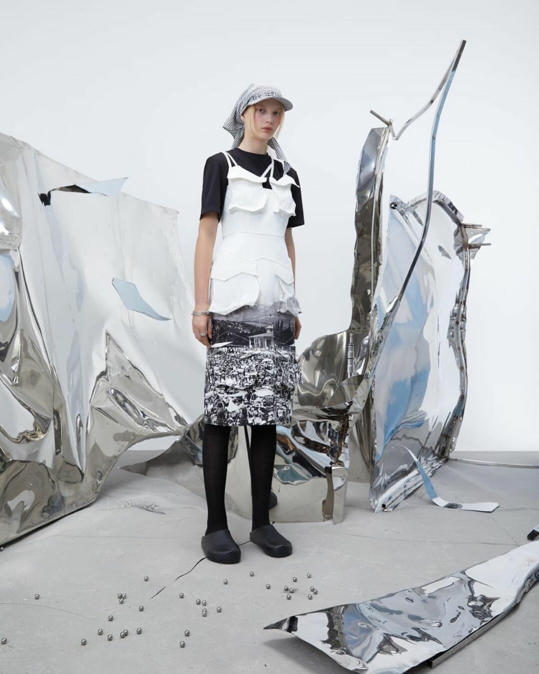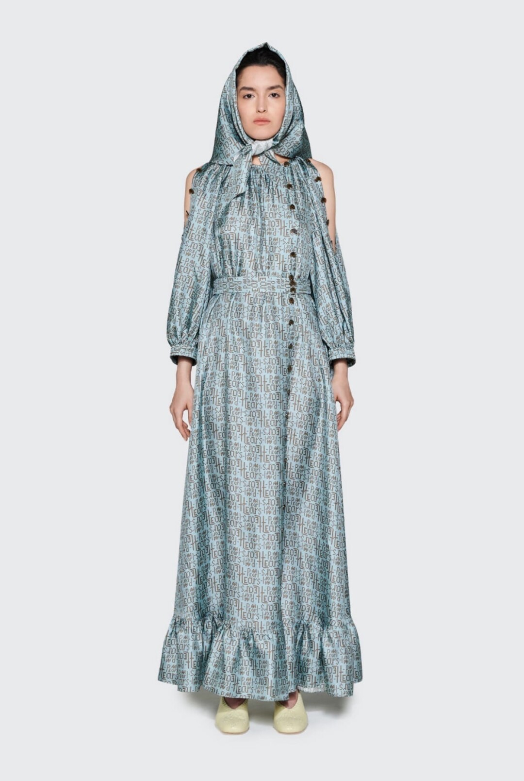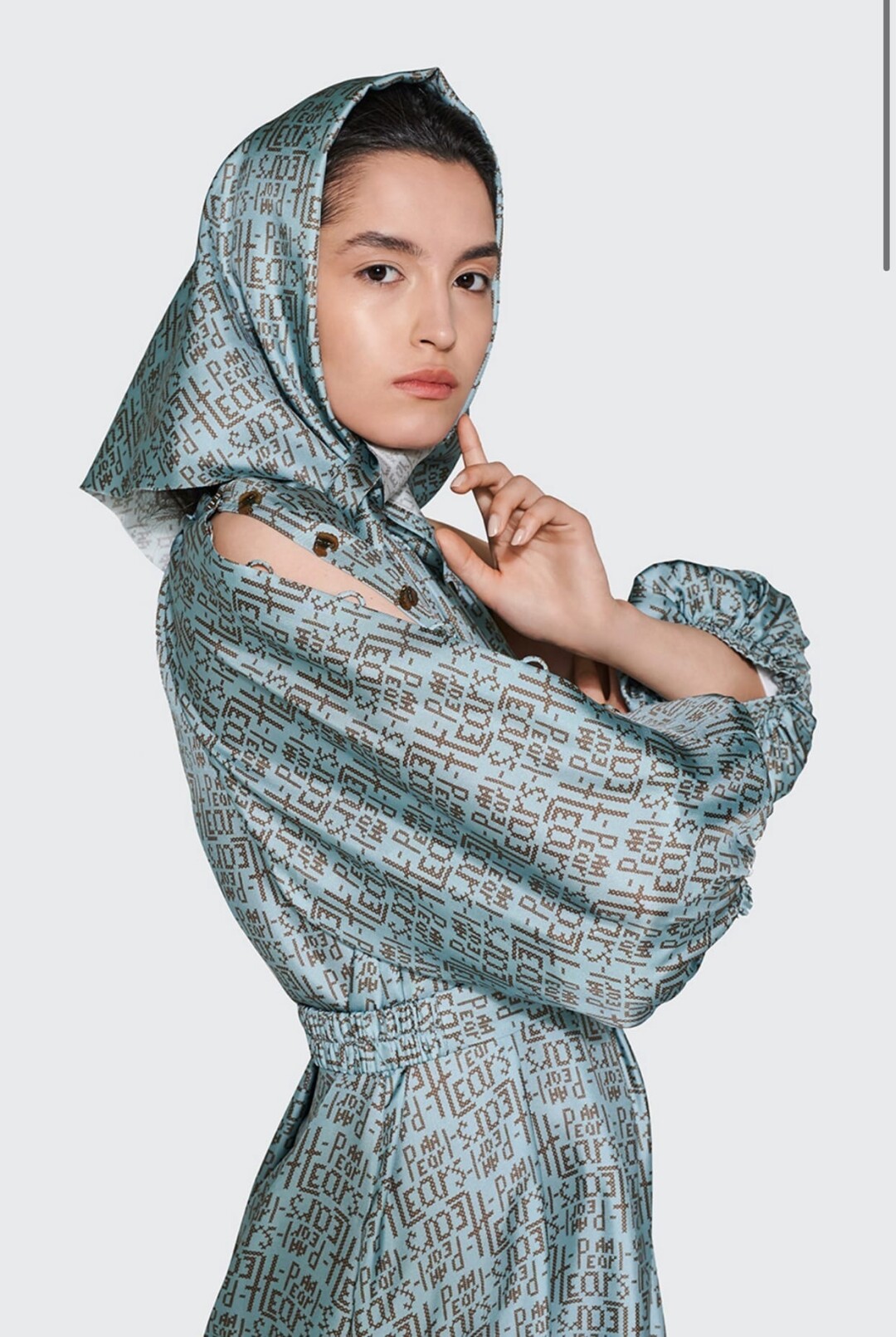 В этом образе соединились русские традиции и актуальные тренды. Платье из серо-бирюзового шелка с шрифтовым принтом, будто вышитым крестиком - элементы старинных русских узоров на тончайшей ткани. Изящная и волшебная интерпретация Снегурочки, украшенная сказочным северным орнаментом.
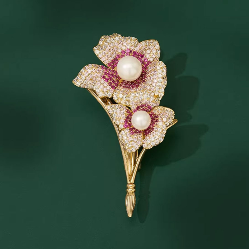 Tato výjimečná brož ve tvaru dvou rozkvetlých květů přináší do světa šperků zářivou souhru elegance a precizního řemesla. Základ tvoří bohatě zlacený kov s jemným žilkováním, který připomíná klasickou květinovou malbu v pohybu. Okvětní lístky jsou celé osazené drobnými třpytivými zirkony, přičemž střed každého květu korunuje jemná perla v krémově bílé barvě.Kombinace čirých a růžových kamínků vytváří okouzlující kontrast, který dává broži lehce vintage a zároveň mimořádně noblesní vzhled. Vizuální efekt je dokonalý – od prvního pohledu brož působí jako šperk z haute couture kolekce, který si zachovává jemnou ženskost i luxusní lesk.Ať už ji připnete na černé sako, elegantní šaty nebo kabát, okamžitě zvýrazní vaši sofistikovanost a vytříbený vkus. Je to výrazný, ale zároveň delikátní doplněk, který dokáže proměnit jednoduchý outfit v promyšlený celek. 💡 Tip: Tato brož je krásným dárkem pro ženu, která miluje květinové motivy a elegantní šperky – potěší k narozeninám, výročí i jako svatební dar.
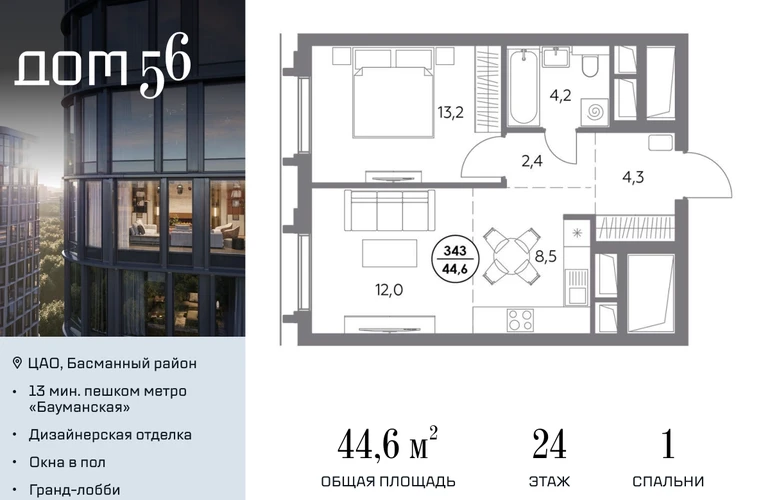В премиум-квартале «Дом 56» на Бауманской напрямую от девелопера ГК «Галс-Девелопмент» представлена 1-комнатная квартира на 24 этаже общей площадью 44.60 м². Квартира предлагается без отделки, со свободной планировкой. Пространство позволяет воплотить дизайн - проект в соответствии с Вашими предпочтениями. «Дом 56» — расположен в Басманном районе на ул. Фридриха Энгельса, всего в 12-15 минутах пешком от станций метро «Бауманская» и «Электрозаводская». Рядом с премиум-кварталом находятся важные городские магистрали — ТТК, набережная реки Яузы и Бакунинская улица, переходящая в Спартаковскую и Маросейку. Архитектурный стиль «Дома 56» — параметрический минимализм. Футуристические фасады квартала с «эффектом закручивания» словно вращаются вокруг своей оси. Динамичный образ башен дополняет эффектное остекление — окна в пол будут в каждой квартире. «Дом 56» станет органичным продолжением современной научно-креативной среды Басманного района: — Развитое окружение — десятки различных точек притяжения; — Близость престижных вузов: МГТУ, МЭИ и Британская высшая школа дизайна; — Соседство с Технологической долиной и всем необходимым для запуска стартапа; — Набережные и парки для спорта и отдыха. «Дом 56» оснащён первоклассными инженерными системами. Входы на территорию, в здание и паркинг оборудованы системой контроля и управления доступом. С любого этажа в лобби и паркинг спускаются быстрые и бесшумные лифты премиального бренда. Во внутреннем приватном дворе будет создано пространство в бионическом стиле с лаунж-зонами, подвесными качелями, детскими плейхабами для разных возрастов, площадками для спорта и отдыха в окружении зелени. На двух подземных уровнях предусмотрен подземный паркинг и кладовые помещения.О застройщике
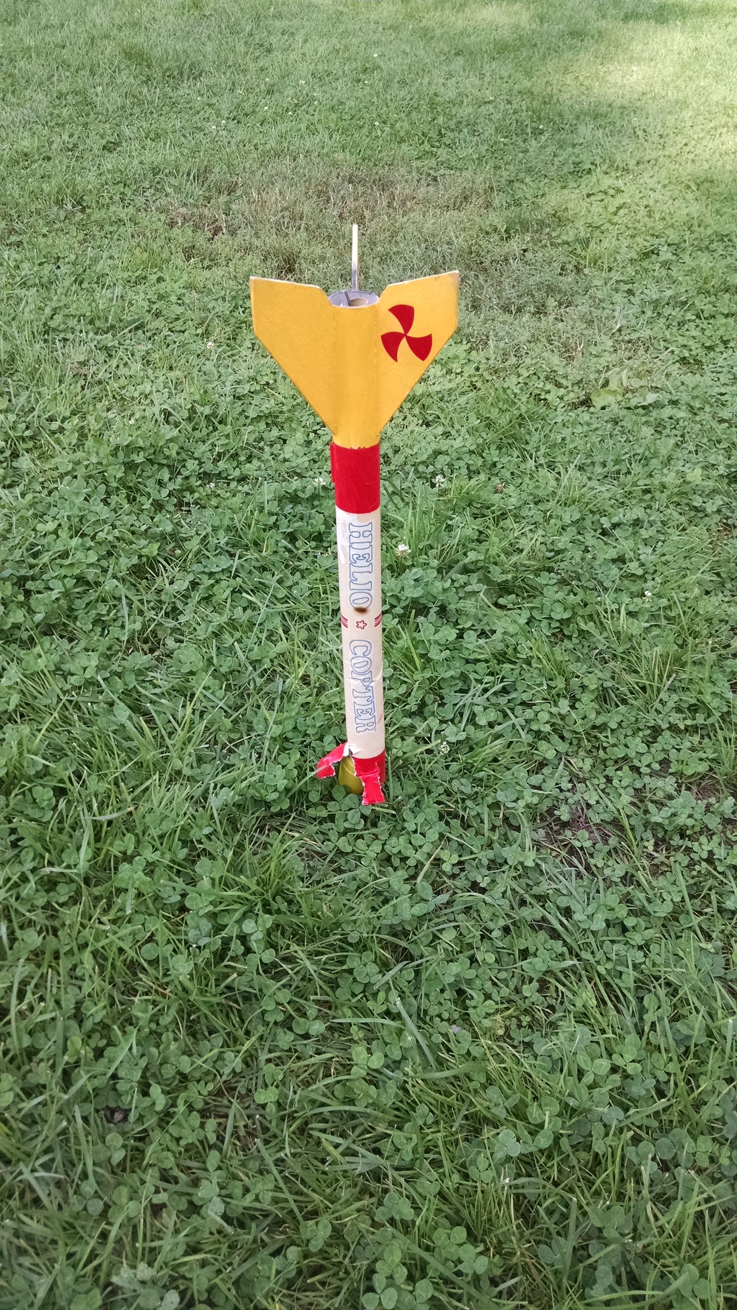 This rocket in BT-55 based and flies on 18mm motors. The nose cone uses helicopter recovery and the body uses a plastic parachute. My model also dates back to the late '80s. Parts included: - BT-55 body tube - plastic nose cone - a plastic hub and three plastic blades - three rubber bands - three balsa fins - 18mm motor mount - launch lug - rubber-band shock cord - plastic parachute The ...
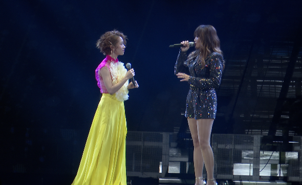 Lulu一出場,果然掀起全場歡聲雷動,而一項擅長搞笑的Lulu也直呼,自己是第一次作為嘉賓來到小巨蛋,讓她相當興奮。甚至在A-Lin的指導下,兩人一起和現場觀眾玩起了「波浪舞」,讓全場的氣氛嗨到最高點。
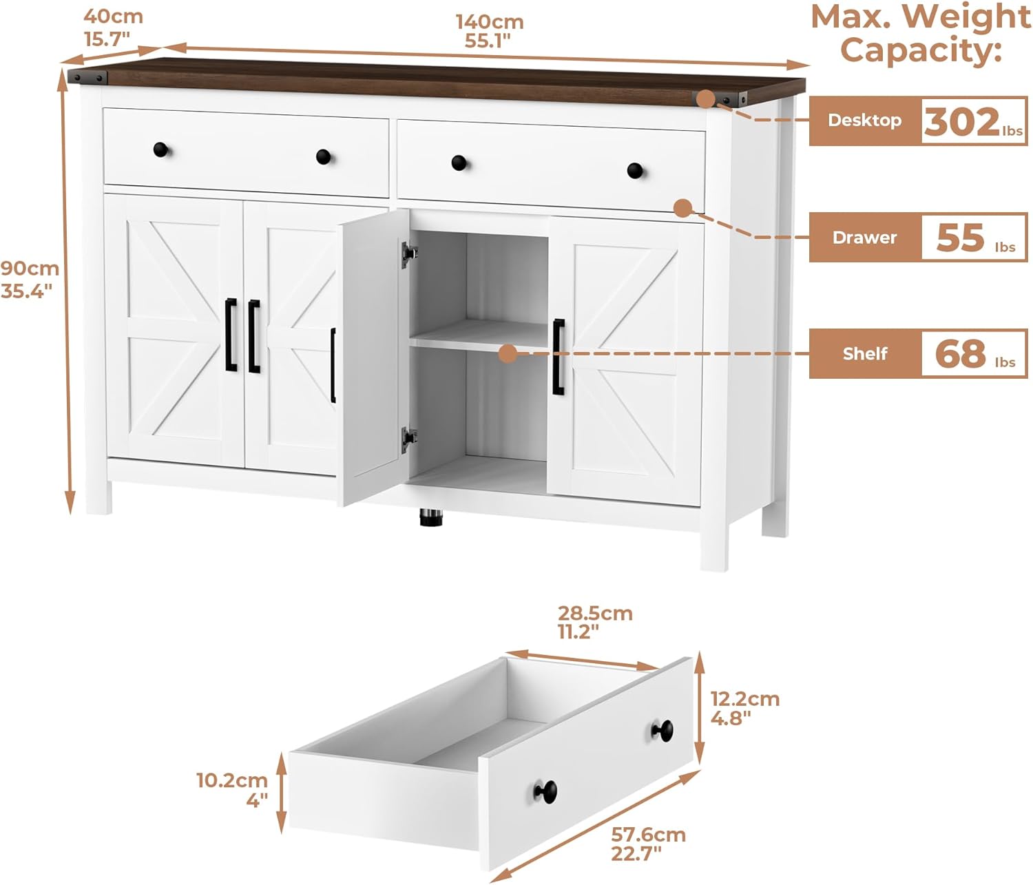- Special Feature : 2 Large Drawers, 4 Farmhouse Doors, 4 Adjustable shelves
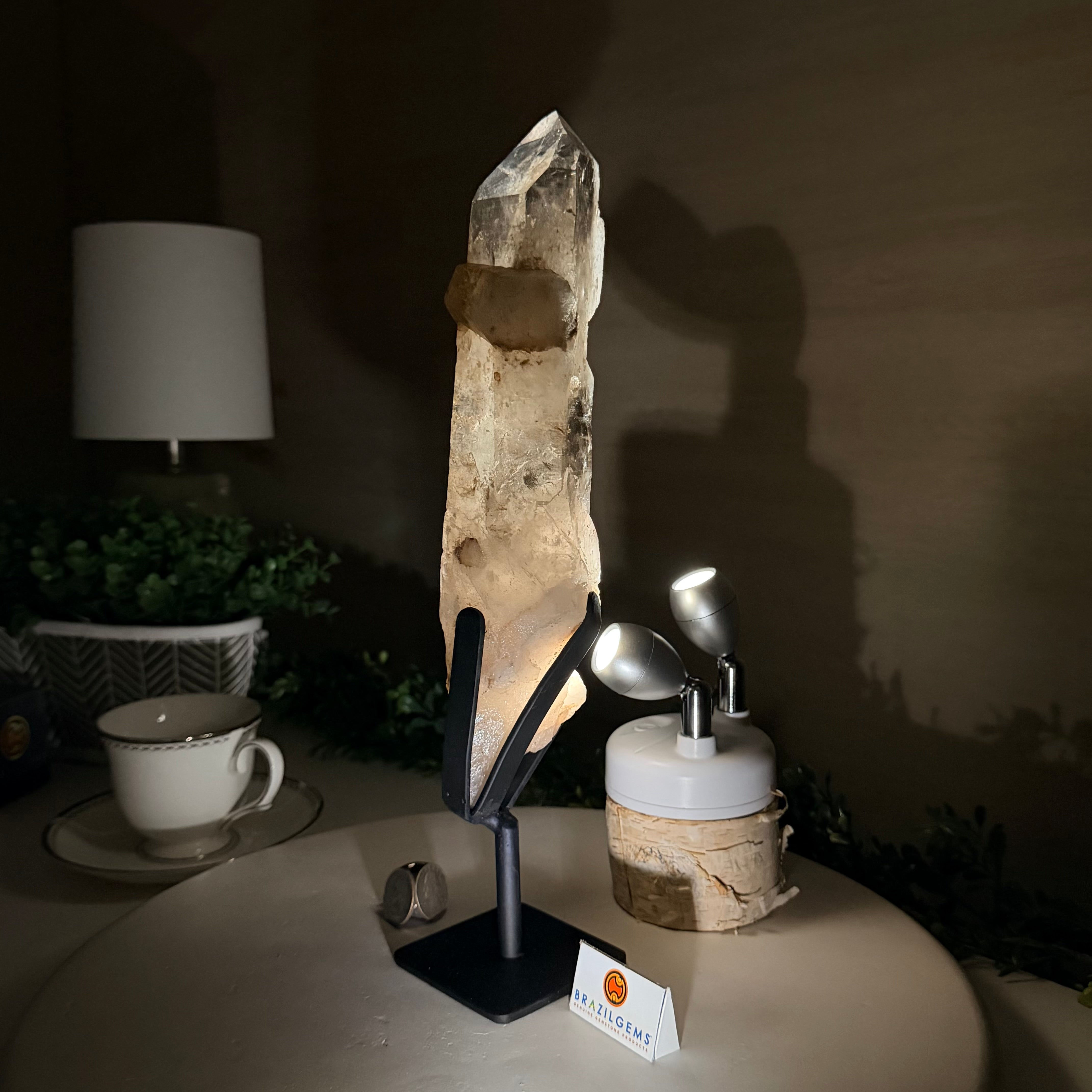 Elevate your space with this Extra Quality Brazilian Smoky Quartz Crystal Point, naturally formed in rich, warm brown tones with a soft golden glow. Mounted on a fixed black metal base, it stands upright with a striking presence that instantly draws the eye.
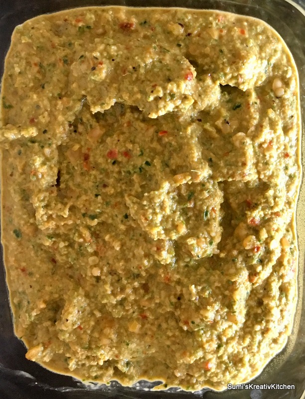 9. Serving: To a plate of hot rice/quinoa, add 2 tbsps of the thogayal, drizzle sesame oil on top, mix well and eat with cold raita!
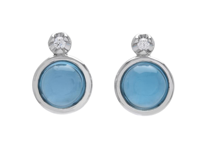 ÖRHÄNGEN, 18K vitguld, cabuchonslipade blå topaser 2,64 ctv, 2 briljantslipade diamanter 0,03 ctv, ca W/VS, stift, längd 10,0 mm, vikt 2,6 g.
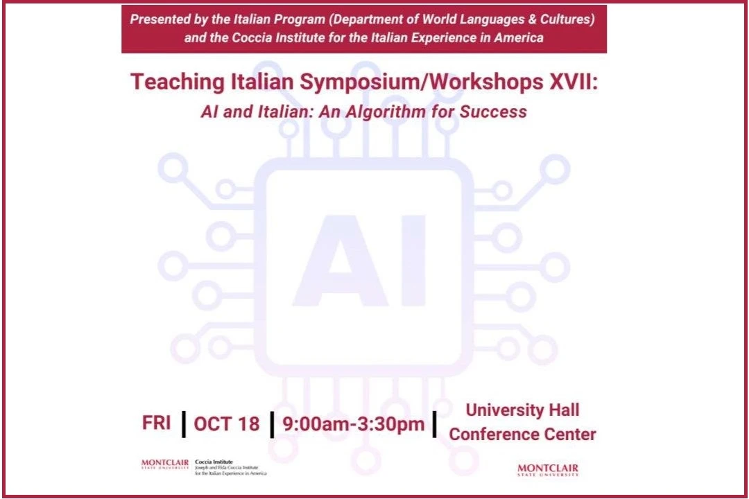 REGISTRATION IS NOW OPEN for “Teaching Italian Symposium/Workshops XVII: AI and Italian: An Algorithm for Success”– the 17th annual professional development program organized by the Coccia Institute for the Italian Experience in America and Prof.ssa Enza Antenos, Dept. of World Languages & Cultures, at Montclair State University.
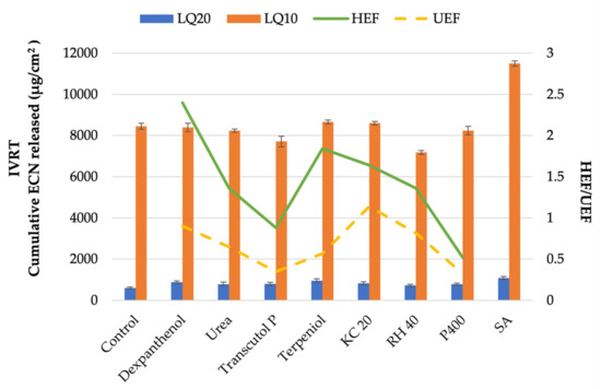 Comparative analysis of lacquers containing 10% w/w polymer (LQ10) and 20 % w/w polymer (LQ20) with different permeation enhancers, showing cumulative amount of econazole nitrate released on the primary Y-axis, and hydration efficiency factor (HEF) and drug uptake enhancement factor (UEF) on the secondary Y-axis. The bars represent the cumulative drug release from in vitro release tests (IVRT), solid and broken lines represent the HEF and UEF values, respectively.
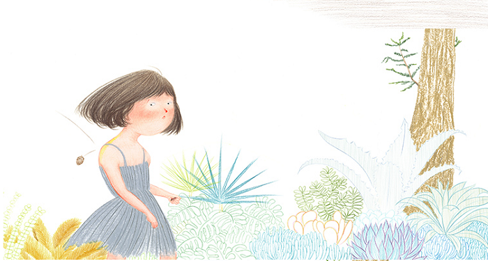 这本书讲述了小女孩得到小松鼠的帮助从而学会排解坏情绪的故事。小女孩一开始就有些垂头丧气,头顶又被不知从哪儿来的“石子”敲了几下,变得更生气了。很明显,小女孩的内心是紧闭的,对外面的世界充满戒备。直到小松鼠跳下树梢,向她伸出了友谊之手,引领她爬上树梢,看到了广阔天地,小女孩的内心才随之打开。

++++++++++++++++++++

* _EXERCISE INSTRUCTIONS_
Go through the material above and print all of it exactly, except the pictures.

* _RESULT OF THE EXERCISE_
 В этом образе соединились русские традиции и актуальные тренды. Платье из серо-бирюзового шелка с шрифтовым принтом, будто вышитым крестиком - элементы старинных русских узоров на тончайшей ткани. Изящная и волшебная интерпретация Снегурочки, украшенная сказочным северным орнаментом.
 Tato výjimečná brož ve tvaru dvou rozkvetlých květů přináší do světa šperků zářivou souhru elegance a precizního řemesla. Základ tvoří bohatě zlacený kov s jemným žilkováním, který připomíná klasickou květinovou malbu v pohybu. Okvětní lístky jsou celé osazené drobnými třpytivými zirkony, přičemž střed každého květu korunuje jemná perla v krémově bílé barvě.Kombinace čirých a růžových kamínků vytváří okouzlující kontrast, který dává broži lehce vintage a zároveň mimořádně noblesní vzhled. Vizuální efekt je dokonalý – od prvního pohledu brož působí jako šperk z haute couture kolekce, který si zachovává jemnou ženskost i luxusní lesk.Ať už ji připnete na černé sako, elegantní šaty nebo kabát, okamžitě zvýrazní vaši sofistikovanost a vytříbený vkus. Je to výrazný, ale zároveň delikátní doplněk, který dokáže proměnit jednoduchý outfit v promyšlený celek. 💡 Tip: Tato brož je krásným dárkem pro ženu, která miluje květinové motivy a elegantní šperky – potěší k narozeninám, výročí i jako svatební dar.
В премиум-квартале «Дом 56» на Бауманской напрямую от девелопера ГК «Галс-Девелопмент» представлена 1-комнатная квартира на 24 этаже общей площадью 44.60 м². Квартира предлагается без отделки, со свободной планировкой. Пространство позволяет воплотить дизайн - проект в соответствии с Вашими предпочтениями. «Дом 56» — расположен в Басманном районе на ул. Фридриха Энгельса, всего в 12-15 минутах пешком от станций метро «Бауманская» и «Электрозаводская». Рядом с премиум-кварталом находятся важные городские магистрали — ТТК, набережная реки Яузы и Бакунинская улица, переходящая в Спартаковскую и Маросейку. Архитектурный стиль «Дома 56» — параметрический минимализм. Футуристические фасады квартала с «эффектом закручивания» словно вращаются вокруг своей оси. Динамичный образ башен дополняет эффектное остекление — окна в пол будут в каждой квартире. «Дом 56» станет органичным продолжением современной научно-креативной среды Басманного района: — Развитое окружение — десятки различных точек притяжения; — Близость престижных вузов: МГТУ, МЭИ и Британская высшая школа дизайна; — Соседство с Технологической долиной и всем необходимым для запуска стартапа; — Набережные и парки для спорта и отдыха. «Дом 56» оснащён первоклассными инженерными системами. Входы на территорию, в здание и паркинг оборудованы системой контроля и управления доступом. С любого этажа в лобби и паркинг спускаются быстрые и бесшумные лифты премиального бренда. Во внутреннем приватном дворе будет создано пространство в бионическом стиле с лаунж-зонами, подвесными качелями, детскими плейхабами для разных возрастов, площадками для спорта и отдыха в окружении зелени. На двух подземных уровнях предусмотрен подземный паркинг и кладовые помещения.О застройщике
 This rocket in BT-55 based and flies on 18mm motors. The nose cone uses helicopter recovery and the body uses a plastic parachute. My model also dates back to the late '80s. Parts included: - BT-55 body tube - plastic nose cone - a plastic hub and three plastic blades - three rubber bands - three balsa fins - 18mm motor mount - launch lug - rubber-band shock cord - plastic parachute The ...
 Lulu一出場,果然掀起全場歡聲雷動,而一項擅長搞笑的Lulu也直呼,自己是第一次作為嘉賓來到小巨蛋,讓她相當興奮。甚至在A-Lin的指導下,兩人一起和現場觀眾玩起了「波浪舞」,讓全場的氣氛嗨到最高點。
- Special Feature : 2 Large Drawers, 4 Farmhouse Doors, 4 Adjustable shelves
 Elevate your space with this Extra Quality Brazilian Smoky Quartz Crystal Point, naturally formed in rich, warm brown tones with a soft golden glow. Mounted on a fixed black metal base, it stands upright with a striking presence that instantly draws the eye.
 9. Serving: To a plate of hot rice/quinoa, add 2 tbsps of the thogayal, drizzle sesame oil on top, mix well and eat with cold raita!
 ÖRHÄNGEN, 18K vitguld, cabuchonslipade blå topaser 2,64 ctv, 2 briljantslipade diamanter 0,03 ctv, ca W/VS, stift, längd 10,0 mm, vikt 2,6 g.
 REGISTRATION IS NOW OPEN for “Teaching Italian Symposium/Workshops XVII: AI and Italian: An Algorithm for Success”– the 17th annual professional development program organized by the Coccia Institute for the Italian Experience in America and Prof.ssa Enza Antenos, Dept. of World Languages & Cultures, at Montclair State University.
 Comparative analysis of lacquers containing 10% w/w polymer (LQ10) and 20 % w/w polymer (LQ20) with different permeation enhancers, showing cumulative amount of econazole nitrate released on the primary Y-axis, and hydration efficiency factor (HEF) and drug uptake enhancement factor (UEF) on the secondary Y-axis. The bars represent the cumulative drug release from in vitro release tests (IVRT), solid and broken lines represent the HEF and UEF values, respectively.
 这本书讲述了小女孩得到小松鼠的帮助从而学会排解坏情绪的故事。小女孩一开始就有些垂头丧气,头顶又被不知从哪儿来的“石子”敲了几下,变得更生气了。很明显,小女孩的内心是紧闭的,对外面的世界充满戒备。直到小松鼠跳下树梢,向她伸出了友谊之手,引领她爬上树梢,看到了广阔天地,小女孩的内心才随之打开。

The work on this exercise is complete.